▶ Excerpted records:
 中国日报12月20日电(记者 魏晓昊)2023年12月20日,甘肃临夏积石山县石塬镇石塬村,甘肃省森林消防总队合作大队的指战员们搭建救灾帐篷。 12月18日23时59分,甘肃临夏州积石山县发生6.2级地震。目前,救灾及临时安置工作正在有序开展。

...

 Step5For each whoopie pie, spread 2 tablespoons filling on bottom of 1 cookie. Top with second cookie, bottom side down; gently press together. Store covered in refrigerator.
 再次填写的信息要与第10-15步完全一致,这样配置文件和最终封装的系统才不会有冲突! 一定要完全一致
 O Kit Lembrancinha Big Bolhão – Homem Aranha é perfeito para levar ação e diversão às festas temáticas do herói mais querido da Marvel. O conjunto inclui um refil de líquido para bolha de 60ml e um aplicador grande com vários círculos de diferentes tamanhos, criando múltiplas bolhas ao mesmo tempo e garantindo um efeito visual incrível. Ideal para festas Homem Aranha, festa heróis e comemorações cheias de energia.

▶ What is expected: Print again the lines of the entries above that fall between the line holding "Step5For each whoopie" and the line holding "再次填写的信息要与第10-1", inclusive, exactly as they stand.

▶ Output below:
 Step5For each whoopie pie, spread 2 tablespoons filling on bottom of 1 cookie. Top with second cookie, bottom side down; gently press together. Store covered in refrigerator.
 再次填写的信息要与第10-15步完全一致,这样配置文件和最终封装的系统才不会有冲突! 一定要完全一致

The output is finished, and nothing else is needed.